Abbildung 8: Besamungsbulle Pedro 0802523, Geburtsjahr 1983, aus der Verpaarung HF x SMR-Kuh aus der Herde in Bernburg-Strenzfeld
Quelle:
W. Brade, 1988

Zwischenzeitlich kann das erreichte, außerordentlich hohe Produktionsniveau in den NBL – unter den veränderten wirtschaftlichen Rahmenbedingungen (= Wegfall der zentralistischen Plan- und Mangelwirtschaft und Sicherung eines hohen Kuhkomforts) – anhand der Ergebnisse aus der Milchleistungsprüfung (MLP) gut belegt werden (3).

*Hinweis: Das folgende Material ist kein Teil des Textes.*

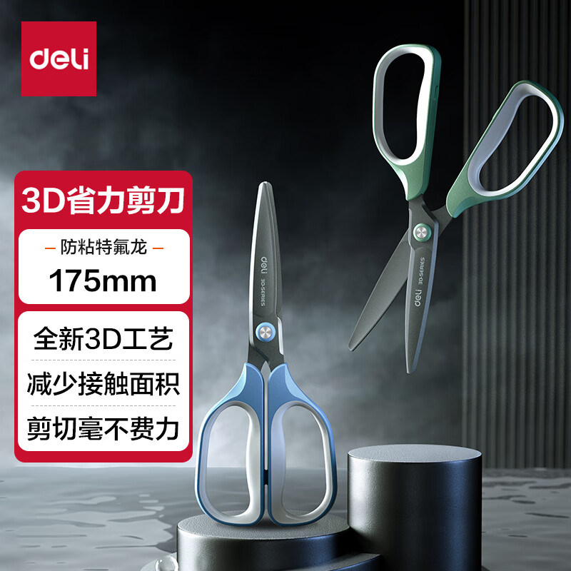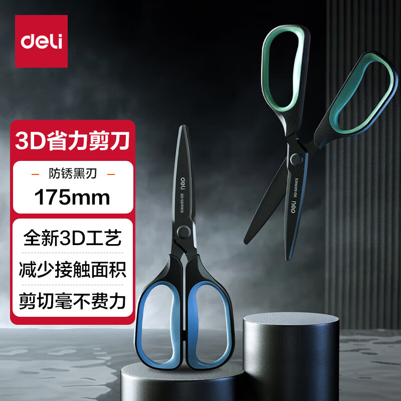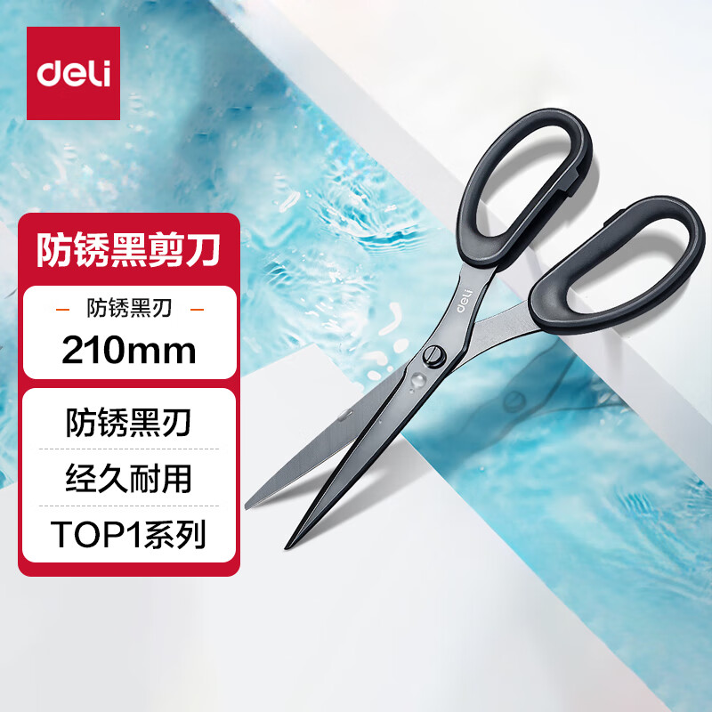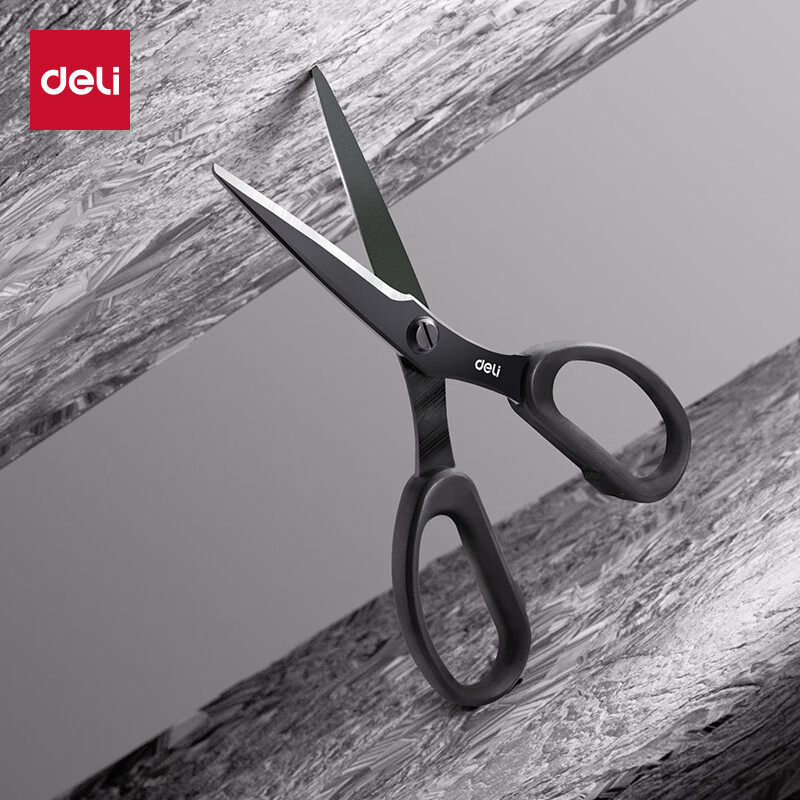 【超级爆款】得力(deli)175mm人机造型剪刀 黑刃防锈 家用生活剪子 学生剪纸刀 办公用品 黑77790

9. Milchleistungsprüfung – Grundlage der Zuchtarbeit

9.1 Kurzer Abriss zur Geschichte der Milchleistungsprüfung

Probemelkungen ausgewählter Einzeltiere, die wiederholt Ende des 19. Jahrunderts organisiert wurden, belegten eine bemerkenswert hohe Leistungsveranlagung einzelner Schwarzbuntkühe bereits in jener Zeit unter kontrollierten Fütterungs-/Haltungs-bedingungen (4, 56). So veranlasste das Königlich-Preussische Ministerium für Landwirtschaft auch eine Prüfung ostfriesischer Milchkühe. DR. VIETH publizierte die Ergebnisse im Jahre 1897 (56).

Die systematische Einführung der Milchleistungsprüfung war eine der wichtigsten Entwicklungsschritte zur modernen Tierzucht. Im Jahre 1895 bildete man den ersten Kontrollverein in Dänemark. Bereits in 1897 folgte der Kontrollverein Alsen in Nordschleswig. In Süddeutschland hatte die Allgäuer Herdbuchgesellschaft in 1893 die Milchleistungsprüfung (MLP) in ihrer Satzung verankert (35).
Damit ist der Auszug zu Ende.